Laravel is quite popular nowadays for building web applications. Aleksander Koko wrote about building single-page applications with Laravel and EmberJS. This 4-part tutorial covers everything from setting up the project to creating REST services and calling them from the browser.

Bye bye Symfony. When I read the title I got really confused. It’s a great framework and provides many components that can be used even in applications not using the full framework. Marc Morera discusses exactly that: how to write code that uses just the components needed.

Using Symfony? You may want to read more about Daniel Espendiller’s excellent Symfony plugin for PhpStorm that makes development much more efficient. The guy never sleeps, it seems, as he did a similar thing for Drupal 8.

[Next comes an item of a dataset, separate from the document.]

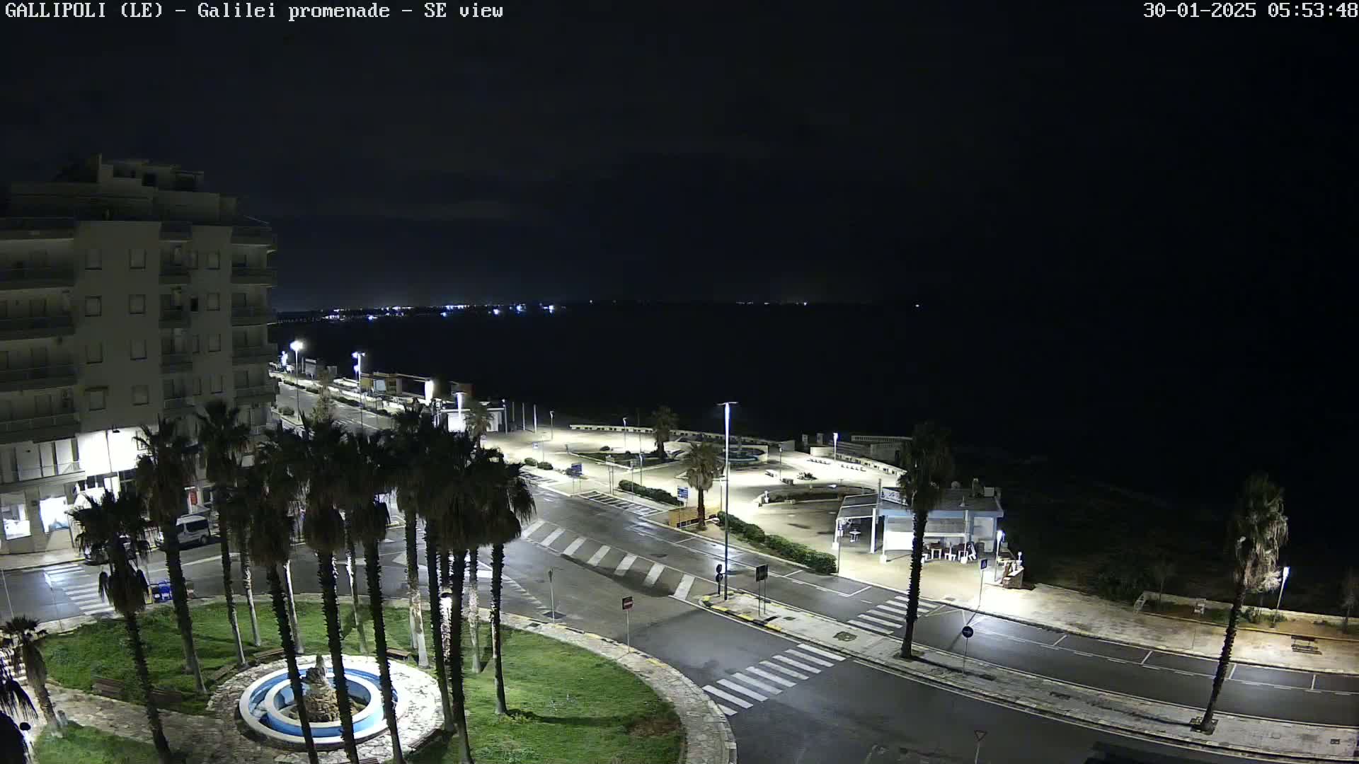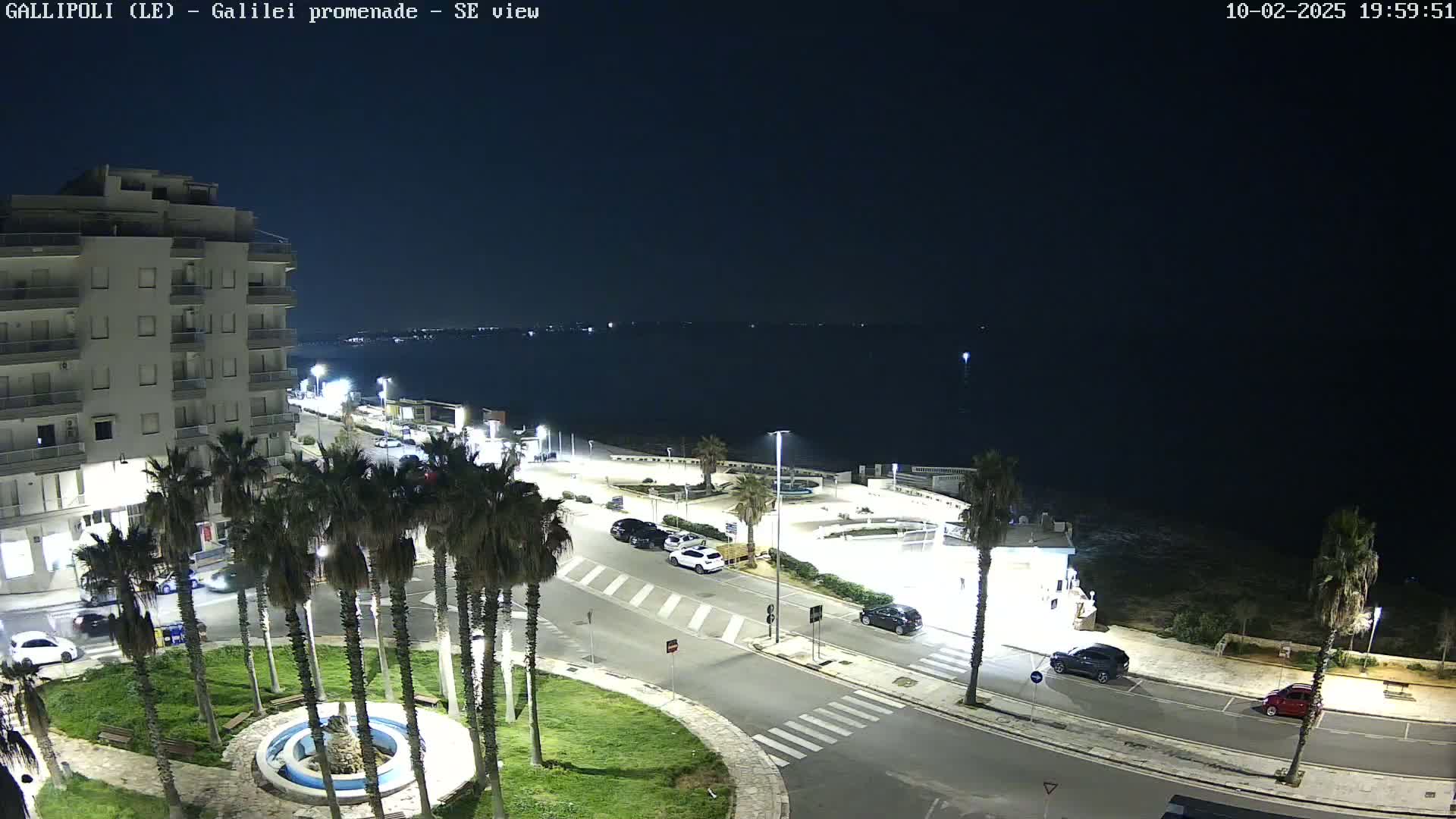 A nighttime view of a coastal town's promenade shows a calm, dark sea, palm trees lining a mostly empty road, and a building in the background under a clear, dark sky.
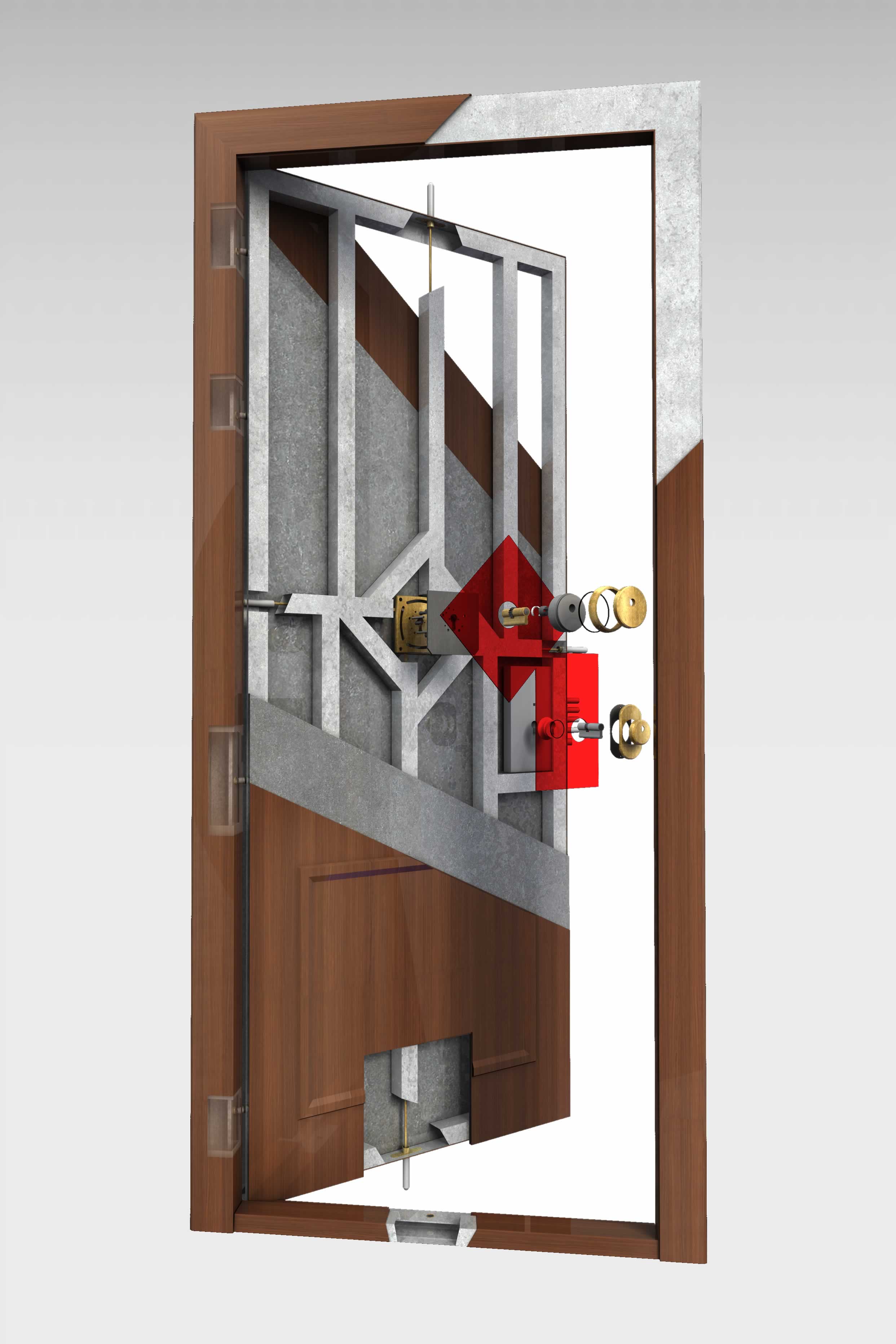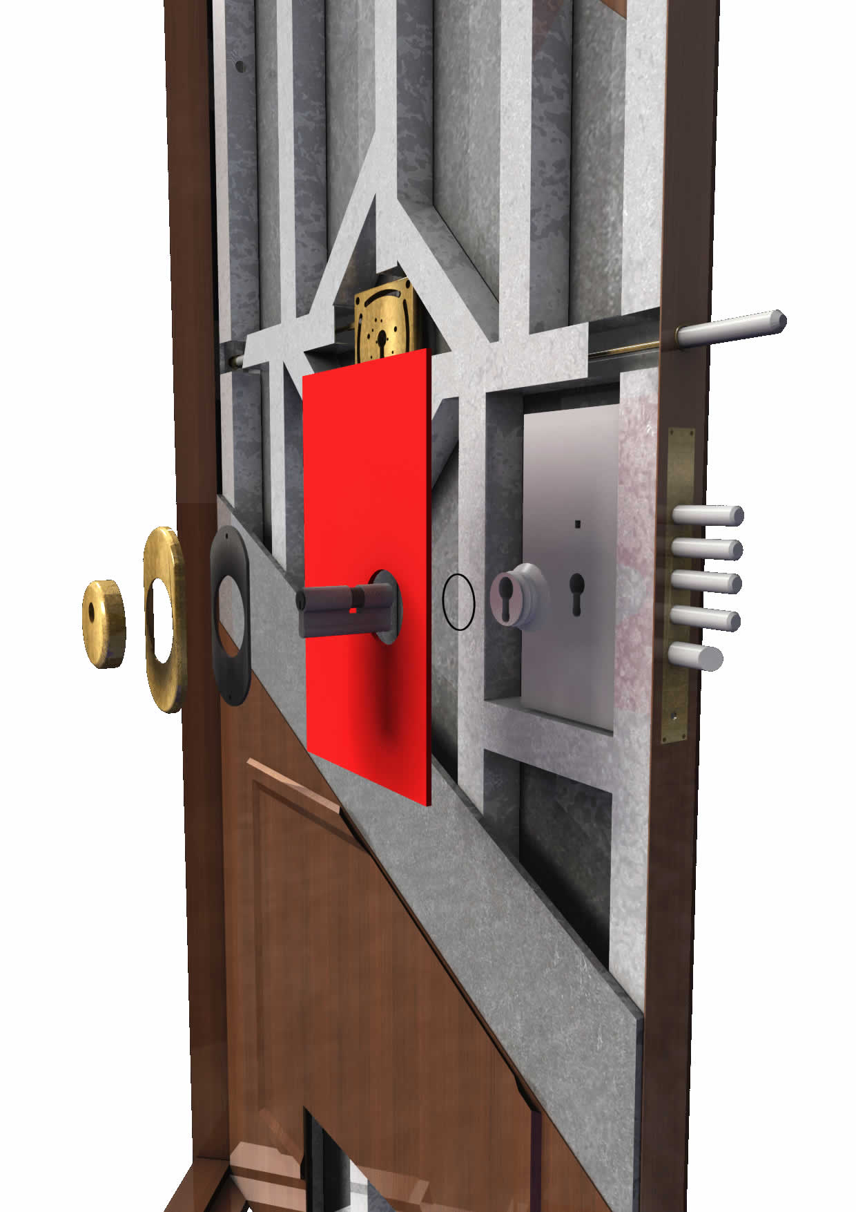 La cerradura central, que cierre en los 4 puntos cardinales de la puerta, penetrando los cerrojos 55mm y siendo cada punto independiente entre sí frente a taques entre marco y puerta.

Speaking about Drupal 8… Angie Byron posted another installment in the Ultimate Guide to Drupal 8, a blog series on the changes Drupal 8 brings for end-users, site builders, front-end developers, and for back-end developers.

The first hours of my week were spent updating several WordPress sites to the latest WordPress 4. Benny, as this release is called, brings updates to content, media and plugin management making the whole experience smoother to work with.

Being both a .NET and PHP guy, I once ported .NET’s LINQ (Language INtegrated Query) to PHP while on a plane. Behold, the abandoned PHPLINQ project! Ever since, a number of alternatives came about of which the recent Pinq looks very promising. Taylor Ren wrote a tutorial about it, explaining how we can get started with writing queries on any data structure (arrays or an actual database) using nothing but… PHP.

Community/other

Users expect applications to be fast, fast, fast. Since the twenties or thirties (it could be later, just making up dates here), PHP has the concept of output buffering and streaming. Imran Latif explains these concepts and how they can make these expectations come true..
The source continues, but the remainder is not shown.